- What this task involves
Please write out exactly the line containing "永富 充蘭さんの天格は17画の4点!" below and every line after it, through the last one, but leave out any pictures.

- Raw data
※ ※ ※

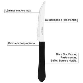 Kit 2 Facas de Mesa Churrasco Tramontina Leme Inox Cabo Preto Você que precisa de talheres de qualidade na hora de receber seus convidados Agora você tem a Faca de Mesa Churrasco Tramontina Leme Inox Cabo Preto é perfeita para essa ocasião. A Faca é produzida com lâmina em aço inox tem maior durabilidade do fio devido ao tratamento térmico e possui cabo em polipropileno proporcionando maior durabilidade e resistência para o uso no seu dia a dia. Além de tudo isso, pode ir à máquina de lavar louças facilitando seu dia a dia ainda mais. Este modelo é ideal para ser em festas, restaurantes, buffet, bar e hotéis. Legal né Compartilhe com seus Amigos Conteúdo do Kit: 2 - Facas de Mesa Churrasco Tramontina Leme Inox Cabo Preto. Características do produto: Lâmina: Em Aço Inox; Cabo: Polipropileno Preto. Dimensões Produto Compr. X Larg. X Alt. : Comprimento: 20,2 cm Largura: 0,9 cm Altura: 1,8 cm TAGS e palavras chave do produto: Imagens ilustrativas. Os objetos que ambientam as imagens, não acompanham o produto. Fique atento: As cores das imagens podem sofrer alterações devido a luminosidade, configurações do monitor e até mesmo a percepção do usuário. Marca: Não Informado Ean: 7898702034361
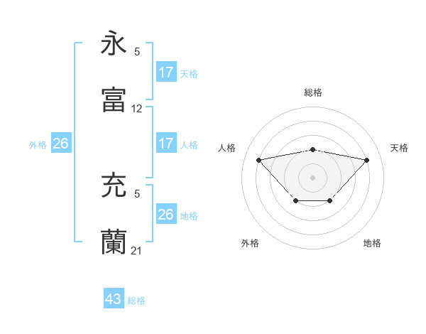 永富 充蘭さんの天格は17画の4点!
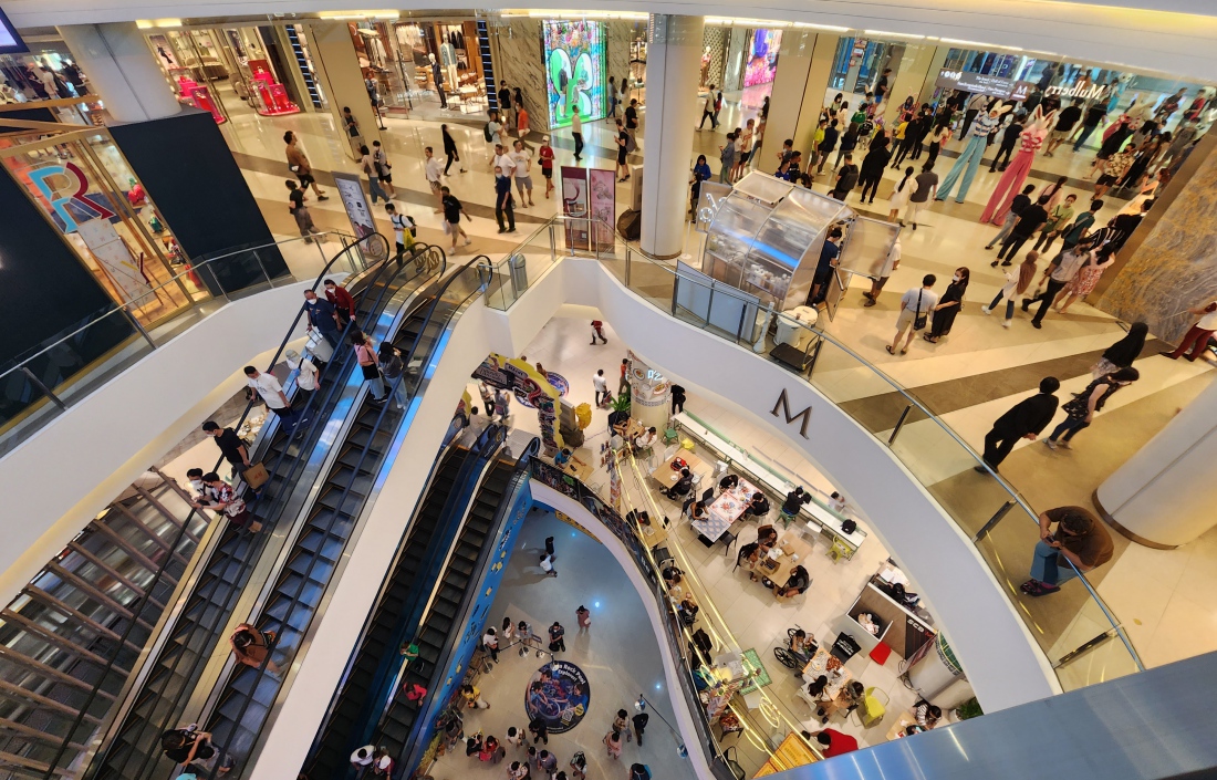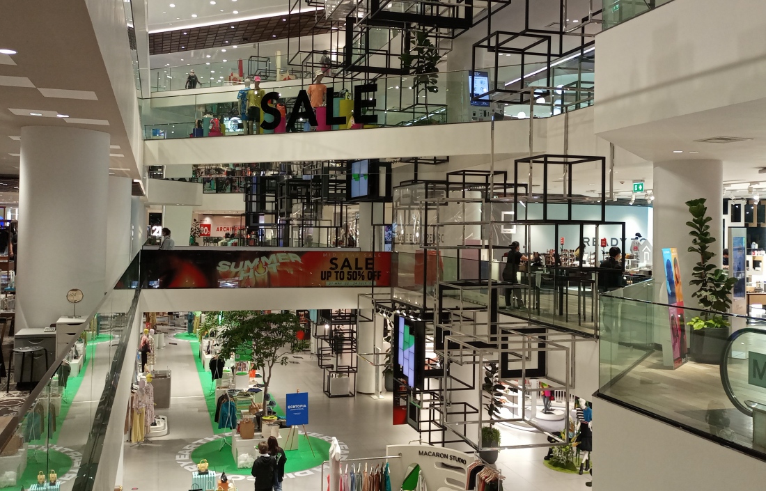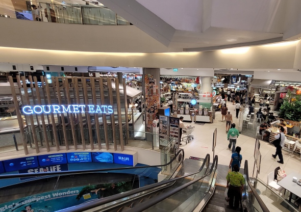 유명한 고급 브랜드의 부티크, 레스토랑, 수족관, 볼링장, 멀티플렉스 영화관이 모여 있는 대규모 쇼핑몰

※ ※ ※

- Exercise output
 永富 充蘭さんの天格は17画の4点!
 유명한 고급 브랜드의 부티크, 레스토랑, 수족관, 볼링장, 멀티플렉스 영화관이 모여 있는 대규모 쇼핑몰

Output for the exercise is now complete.